Amazon Prime Video and the Wonder Project’s “House of David” Season 2 features between 350 and 400 AI-generated images, and showrunner Jon Erwin has advocated for more Hollywood creatives to publicly embrace the technology.
In an interview with Wired published Monday, Erwin said he did not have the budget to practically bring some of the battle sequences, locations and environments in “House of David” Season 2 to life, so he used AI. Erwin’s faith-based production company, the Wonder Project, noted that the behind-the-scenes use of AI in “House of David” increased exponentially between its first season, which purportedly used around 70 AI images, and the show’s second.
“The cost of augmenting those shots is minuscule compared to the time and cost it would have been to generate those with, you know, traditional VFX methods,” Erwin explained. The “House of David” creator went on to compare his use of AI in the Prime Video series to puppeteering.
“Let’s say we only have the money to have a certain scale to the frame,” Erwin said. “You can put a very real camera on a very real actor and direct that actor, direct the camera, and that becomes, in essence, the hand inside a puppet. The puppet itself is this digital world that you create.” The “House of David” showrunner told Wired he has experimented with AI tools created by Runway, Luma, Google and Adobe.
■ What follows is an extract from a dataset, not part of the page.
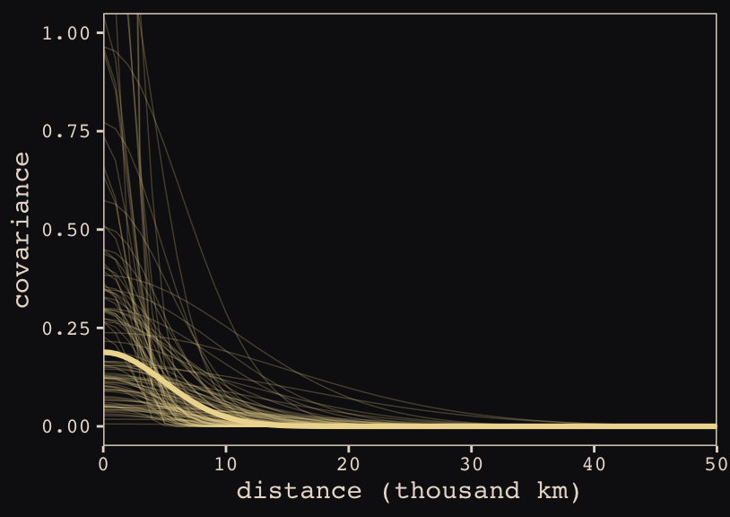 The machinery that makes such complex varying effects possible will be used later in the chapter to extend the varying effects strategy to more subtle model types, including the use of continuous categories, using Gaussian process. (p. 388)

“What we found is there were kind of three types of tools. There were image generators, there were up-res tools, and there were video generators. We found that we could combine those tools in a stack,” he noted. “By the end, we were using 10 to 15 core tools.”
“House of David” has been a hit for Amazon, which only gave it an initial one-season order before quickly renewing it once it rose to the top of the streamer’s charts following its premiere. The Wonder Project reports that it has garnered over half a million subscriptions in the three weeks it has been offering “House of David” Season 2 through its Prime Video subscription channel, which is currently offering a seven-day free trial offer.
Erwin’s open use and promotion of AI has nonetheless arrived at a time when the use of the technology is at the center of not only an ongoing moral and artistic debate in Hollywood, but also multiple copyright lawsuits. Concerns about its environmental impact and the quality of its content continue to rage on as well. Erwin, for his part, says filmmakers should embrace AI as a boundary-pushing new tool.
“What makes it scary for some people and really exciting for others is I’ve never seen technology iterate and evolve this quickly,” Erwin argued. “This is a fundamental change that’s going to happen no matter what your opinion is, and these tools are going to be the basis of a lot of work moving forward.”
Not everyone in Hollywood agrees with Erwin. “Frankenstein” director Guillermo del Toro has made headlines in recent weeks for his anti-AI sentiments and statements. The director told NPR he would “rather die” than use generative AI. Filmmaker Justine Bateman has also made waves online with her previous comments about the dangers of AI.
“It’s presenting itself as a solution if we had a business where we didn’t have enough writers or we didn’t have enough directors or actors or location managers. But we have the opposite situation,” Bateman told Wired about the technology’s place in Hollywood. “We have more workers than we have jobs. So it’s not solving any problem except the problem a CEO might have of not having profit margins wide enough for their liking.”